Lettres: Une minute de silence
Un peu partout dans le monde on a observé une ou deux minutes de silence en hommage aux victimes des attentats de Londres. Voilà qui va de soi, vu l'ampleur du drame. Cinquante-trois morts, un lourd bilan. Et voilà qu'à peu près en même temps on souligne les dix ans du génocide au Rwanda. Mais je me demande: où sont les minutes de silence en hommage aux 1,8 million de victimes du génocide, dont on connaissait le sort sans toutefois intervenir — pour ne pas dire que certains pays occidentaux sont accusés aujourd'hui non seulement de n'avoir rien fait pour stopper la catastrophe, mais, pire encore, ils l'auraient encouragé: est-ce cela le terrorisme d'État?

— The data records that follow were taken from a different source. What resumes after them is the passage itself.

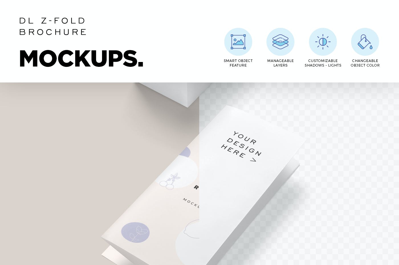 优质 DL 尺寸 Z 折传单样机,将在三折传单上展示您最新的平面广告。 这些样机提供了不同的角度来展示您的不同服务和促销活动。 您可以使用智能对象和命名良好的图层来个性化设计、颜色、效果、阴影和背景。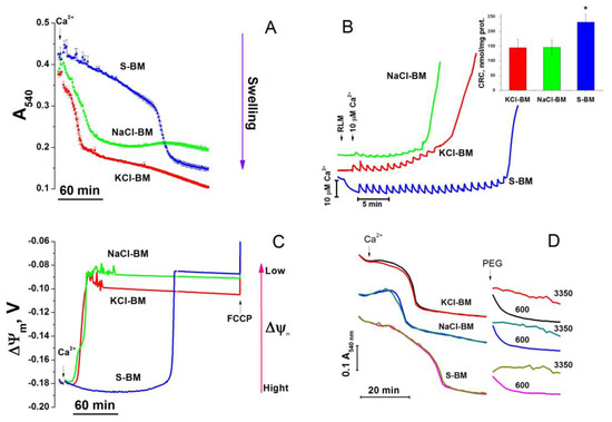 Mitochondrial swelling and the dissipation of ΔΨm can be due to both PTP opening and the electrophoretic influx of cations through the activated cation channels (regardless of their selectivity). To examine the latter possibility, we added 600- and 3350-Da polyethylene glycols (PEGs) to swollen mitochondria and observed either transient or sustainable mitochondrial shrinkage, respectively. These data clearly indicate that the inner mitochondrial membrane (IMM) contains opened pores permeable for solutes of molecular weight higher than 600 but lower than 3350 Da, i.e., the PTP. In accordance with a slower PTP opening, the highest CRC (B) was observed in S-BM (232 ± 26 vs. 144.7 ± 28.6 (KCl-BM) and 146 ± 24.4 nmol∙min−1∙mg prot−1 (NaCl-BM)). Thus, the presence of K+ or Na+ ions in the incubation medium did not postpone but considerably stimulated the PTP opening.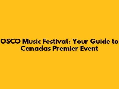 OSCO Music Festival: Your Guide To Canada's Premier Event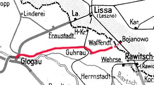 Bojanowo 0,0 - Grenze Polen/Deutschland 3,409 (Streckenunterbrechung) - Streckenanfang km 5,08 - Waffendorf 5,34 - Guhrau 15,17 - Abzw Alte Oder (Ao) 50,03 - Glogau 51,57 (1938)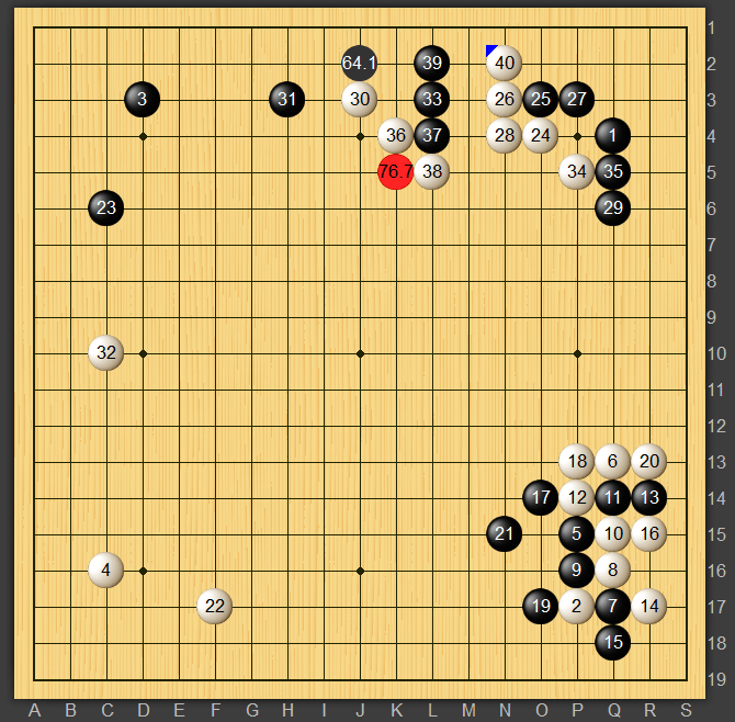 こんにちは、Babbです。今回も野狐三段戦の解説をしていきたいと思います。今局は第二局の直後に打っています。序盤で終わってしまい悔しかったので連戦いたしました。私の黒番です。今局はお互い小目を打ち合いスタート、右下隅は一間バサミからの懐かしい定石が登場しました。黒21はシマリと迷いましたが21にカケツギました。足は遅い気がしましたが前局の記憶が残っていたので手厚くいきました lol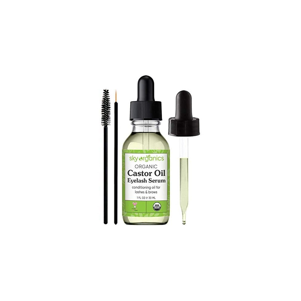Organic Castor Oil Eyelash Serum by Sky Organics (30 ml) USDA Organic Cold-Pressed 100% Pure Castor Oil Natural Eyelash Serum Hexane-free Castor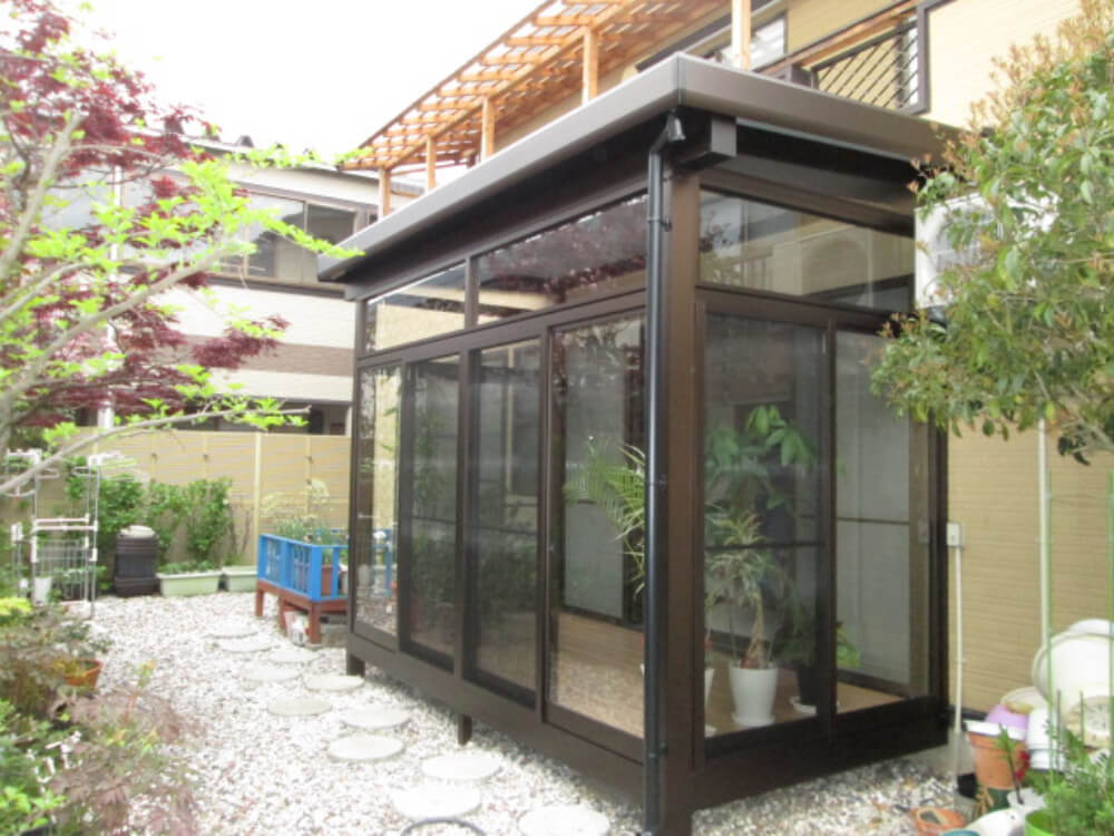屋根からの落雪がある場所でもテラスルームを設置したいとのことでした。屋根材が折板の落雪に強いものを提案させていただきました。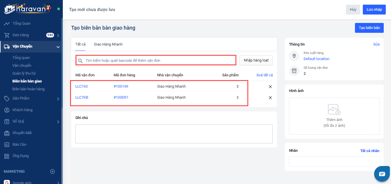 Bạn có thể tạo sẵn biên bản bàn giao trước khi shipper đến và Lưu nháp lại để xử lý sau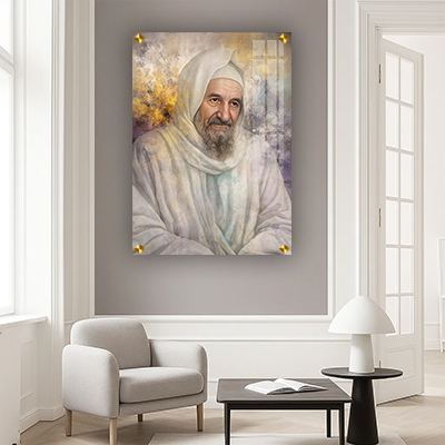 ציור דיוקן של בבא סאלי על רקע גרפיטי צבעוני על קנבס או זכוכית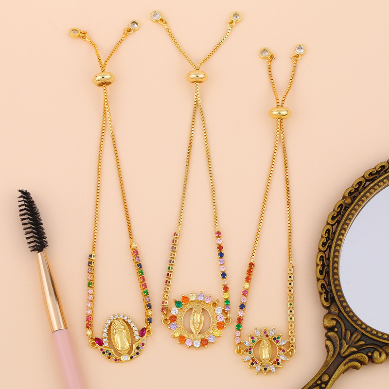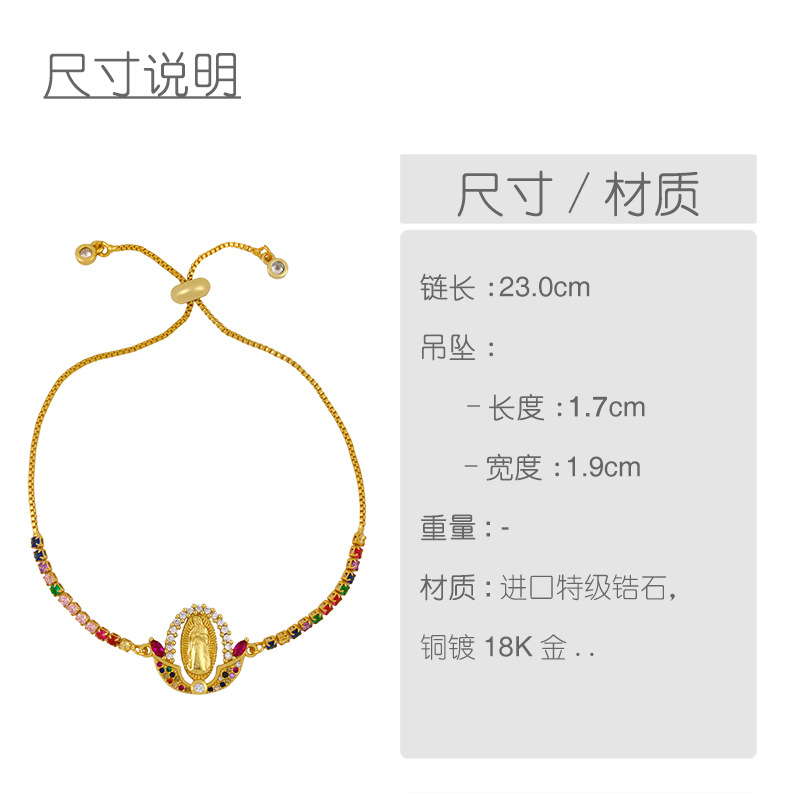 Hot selling European and American style inlaid colorful zircon Virgin Mary bracelet personalized fashion jewelry wholesale brc09

Pour 6000 Américains morts le 11 septembre on a observé une minute de silence partout sur la planète. Ce qui fait dire à la journaliste belge Marie-France Cros que, toutes proportions gardées, on devrait observer 15 heures de silence en respect pour les victimes au Rwanda. Et où est la minute de silence en respect aux victimes de l'apartheid d'avant Mandela en Afrique du Sud; aux 50 000 morts de la guerre civile au Sierra Leone; au million de morts au Mozambique pendant la guerre d'indépendance?J'ai comme l'impression que les 53 victimes londoniennes sont plus importantes que ces millions de victimes africaines. Pourquoi? La nature du drame est pourtant similaire: dans les deux cas les crimes ont été organisés et entretenus par des groupes extrémistes. Mais comment naissent ces groupes extrémistes? Ceux qui ont organisé l'apartheid en Afrique du Sud on également financé la guerre chez leurs voisins du Mozambique pour décourager le peuple qui se battait pour l'indépendance. Il paraît aussi que certains de nos gouvernements ou encore certaines de nos multinationales occidentales ont encouragé des dictatures dans ces pays afin de garder la mainmise sur les richesses de ces sols africains. Alors quand Chirac dit que l'Afrique n'est pas prête pour la démocratie, ne serait-ce pas plutôt que nous l'empêchons d'être prête pour la démocratie en finançant des gouvernements corrompus jusqu'aux os qui retirent de nombreux avantages financiers à entretenir la discorde chez les leurs? Il ne faudrait pas oublier que l'Afrique fut à peu près toute colonisée par nos pays «riches». Rien n'est noir ou blanc, mais avouons que nous avons su tirer profit de cette mère terre afin de nous enrichir. Seul problème: on sème là-bas un désordre incontrôlable.
En attendant, je crois que beaucoup de pays du Tiers-Monde trouvent notre silence long, très long.